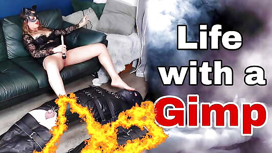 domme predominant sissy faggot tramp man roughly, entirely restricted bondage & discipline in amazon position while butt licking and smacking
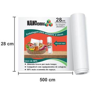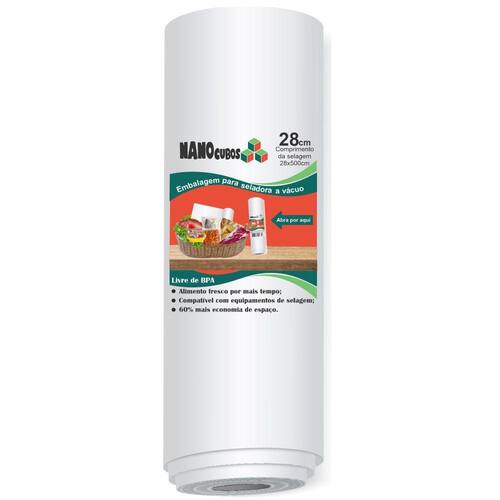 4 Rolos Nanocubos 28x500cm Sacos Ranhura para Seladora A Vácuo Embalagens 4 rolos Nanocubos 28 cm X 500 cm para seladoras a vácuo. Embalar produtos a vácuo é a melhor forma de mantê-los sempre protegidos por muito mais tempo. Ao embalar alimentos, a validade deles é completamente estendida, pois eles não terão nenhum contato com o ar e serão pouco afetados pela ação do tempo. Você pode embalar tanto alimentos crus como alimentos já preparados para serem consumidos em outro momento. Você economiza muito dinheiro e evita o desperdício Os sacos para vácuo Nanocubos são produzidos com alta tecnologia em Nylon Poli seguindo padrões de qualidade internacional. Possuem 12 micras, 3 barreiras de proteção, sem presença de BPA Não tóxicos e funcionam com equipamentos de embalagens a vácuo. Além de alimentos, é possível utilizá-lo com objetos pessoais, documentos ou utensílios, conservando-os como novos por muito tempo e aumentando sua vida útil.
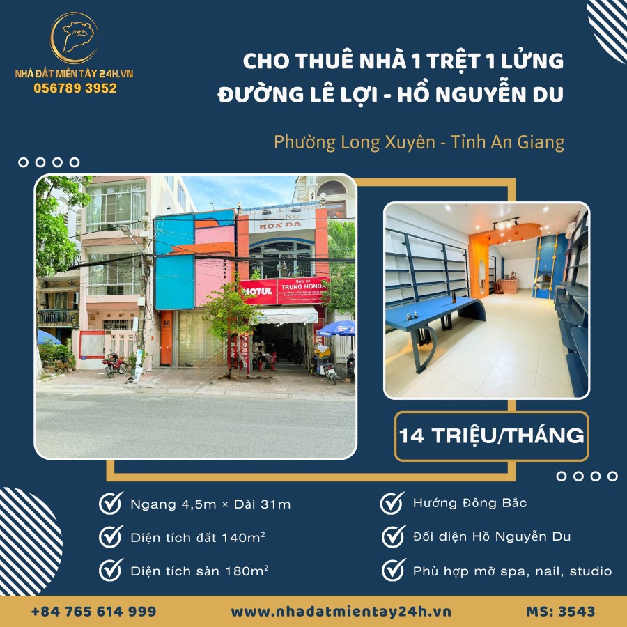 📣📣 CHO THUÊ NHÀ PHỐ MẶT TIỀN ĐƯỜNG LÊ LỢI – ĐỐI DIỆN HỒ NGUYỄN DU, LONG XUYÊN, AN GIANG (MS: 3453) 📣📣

══════════

_What is expected_: Output an exact copy of the material, with the pictures removed.

_Response to this task_:
 domme predominant sissy faggot tramp man roughly, entirely restricted bondage & discipline in amazon position while butt licking and smacking
 4 Rolos Nanocubos 28x500cm Sacos Ranhura para Seladora A Vácuo Embalagens 4 rolos Nanocubos 28 cm X 500 cm para seladoras a vácuo. Embalar produtos a vácuo é a melhor forma de mantê-los sempre protegidos por muito mais tempo. Ao embalar alimentos, a validade deles é completamente estendida, pois eles não terão nenhum contato com o ar e serão pouco afetados pela ação do tempo. Você pode embalar tanto alimentos crus como alimentos já preparados para serem consumidos em outro momento. Você economiza muito dinheiro e evita o desperdício Os sacos para vácuo Nanocubos são produzidos com alta tecnologia em Nylon Poli seguindo padrões de qualidade internacional. Possuem 12 micras, 3 barreiras de proteção, sem presença de BPA Não tóxicos e funcionam com equipamentos de embalagens a vácuo. Além de alimentos, é possível utilizá-lo com objetos pessoais, documentos ou utensílios, conservando-os como novos por muito tempo e aumentando sua vida útil.
 📣📣 CHO THUÊ NHÀ PHỐ MẶT TIỀN ĐƯỜNG LÊ LỢI – ĐỐI DIỆN HỒ NGUYỄN DU, LONG XUYÊN, AN GIANG (MS: 3453) 📣📣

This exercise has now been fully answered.